══ Data in this exercise

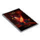 Cosmic melody, the magic of the harp. The harp radiates warmth and luxury, its golden strings and frame contrasting harmoniously with the black and orange flowers that adorn it. These flowers are vibrant and richly detailed, lending the instrument a natural beauty and a touch of magic. The background transports the viewer to a mesmerizing spacescape. It consists of deep blue and purple nebula clouds, interspersed with twinkling stars and shimmering planets of various sizes and colors.
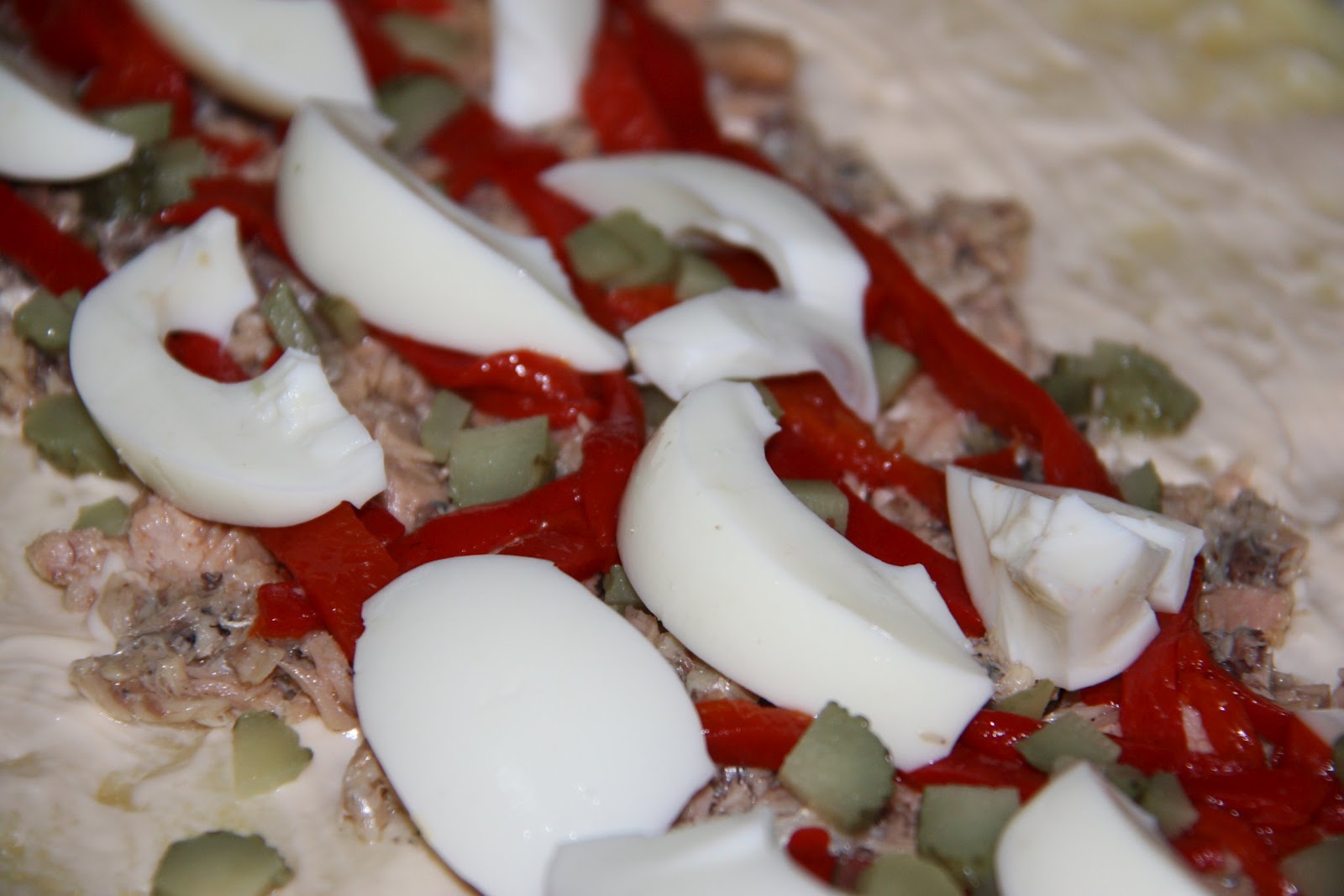 Repartiu la tonyina, el pebrot, la clara dels ous durs (el rovell l’utilitzarem per decorar) i uns cogombrets en vinagre tallats petits. Hi podeu afegir tàperes, surimi, anxoves, olives farcides, el que vulgueu però personalment no m’agrada barrejar tants sabors, prefereixo pocs ingredients per trobar el gust de cada cosa.
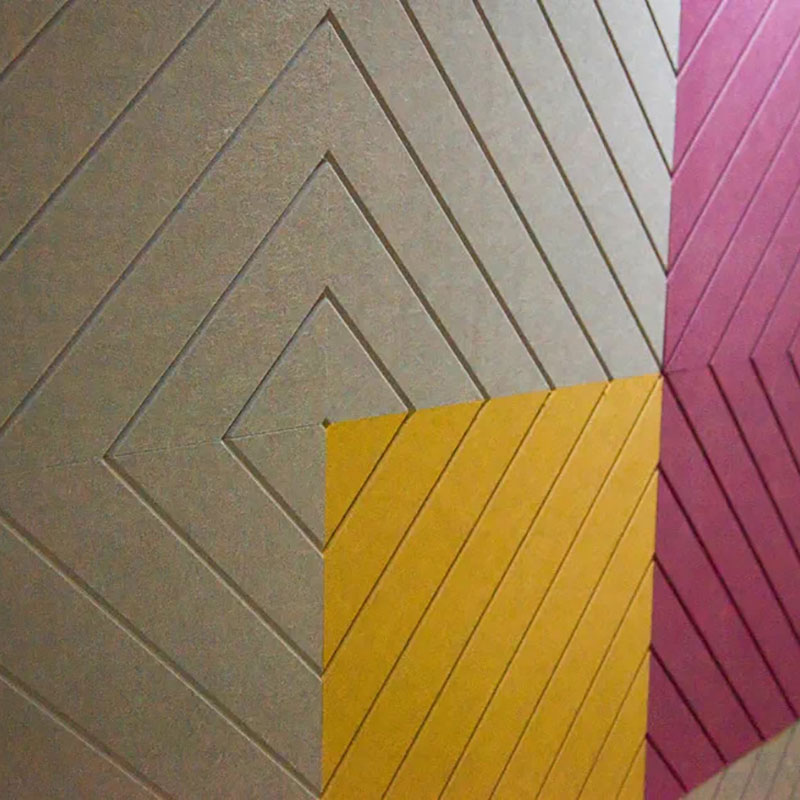 При пробиване с игла има много малки дупки в акустичния панел от полиестерни влакна, което прави акустичните панели от полиестерни влакна страхотен акустичен продукт за намаляване на шума и прави звука по-добър, пространството по-тихо.
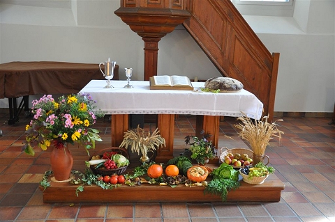 Auch in diesm Jahr wurde der Abendmahlstisch zum Entedankfest von Frau Desor und Frau Zeller wunderbar geschmückt.
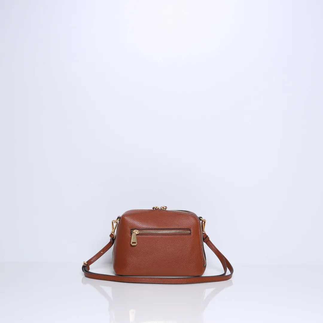 De tas heeft een korte stoffen schouderband met een lengte van 65 cm en een lange leren crossbody band verstelbaar tot 120 cm.
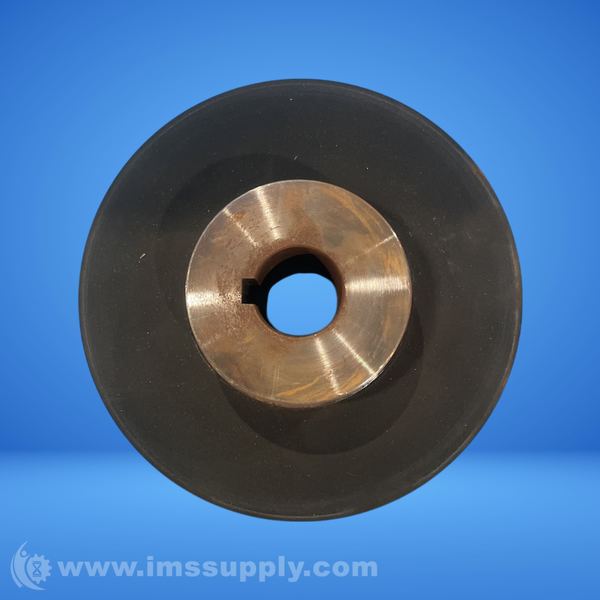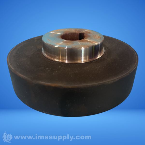 A rubber-coated wheel or pulley with a metal hub, featuring a central hole and keyway or mounting holes for shaft attachment.
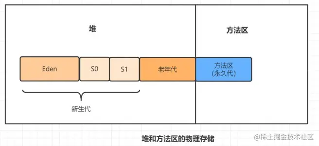 永久代的方法区,和堆使用的物理内存是连续的。
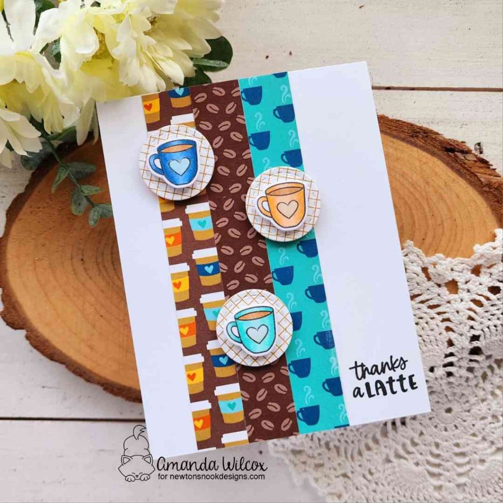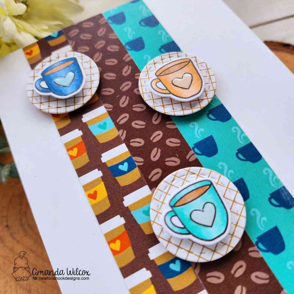 I cut one-inch strips and glued them to a card base. Then cut three circles from another pattern. I stamped three coffee mugs and colored them in coordinating colors and used the coordinating die to cut them all out.

════

Task requirements. Each line of the records is to be reproduced exactly, and each picture dropped.

Exercise solution.
 Cosmic melody, the magic of the harp. The harp radiates warmth and luxury, its golden strings and frame contrasting harmoniously with the black and orange flowers that adorn it. These flowers are vibrant and richly detailed, lending the instrument a natural beauty and a touch of magic. The background transports the viewer to a mesmerizing spacescape. It consists of deep blue and purple nebula clouds, interspersed with twinkling stars and shimmering planets of various sizes and colors.
 Repartiu la tonyina, el pebrot, la clara dels ous durs (el rovell l’utilitzarem per decorar) i uns cogombrets en vinagre tallats petits. Hi podeu afegir tàperes, surimi, anxoves, olives farcides, el que vulgueu però personalment no m’agrada barrejar tants sabors, prefereixo pocs ingredients per trobar el gust de cada cosa.
 При пробиване с игла има много малки дупки в акустичния панел от полиестерни влакна, което прави акустичните панели от полиестерни влакна страхотен акустичен продукт за намаляване на шума и прави звука по-добър, пространството по-тихо.
 Auch in diesm Jahr wurde der Abendmahlstisch zum Entedankfest von Frau Desor und Frau Zeller wunderbar geschmückt.
 De tas heeft een korte stoffen schouderband met een lengte van 65 cm en een lange leren crossbody band verstelbaar tot 120 cm.
 A rubber-coated wheel or pulley with a metal hub, featuring a central hole and keyway or mounting holes for shaft attachment.
 永久代的方法区,和堆使用的物理内存是连续的。
 I cut one-inch strips and glued them to a card base. Then cut three circles from another pattern. I stamped three coffee mugs and colored them in coordinating colors and used the coordinating die to cut them all out.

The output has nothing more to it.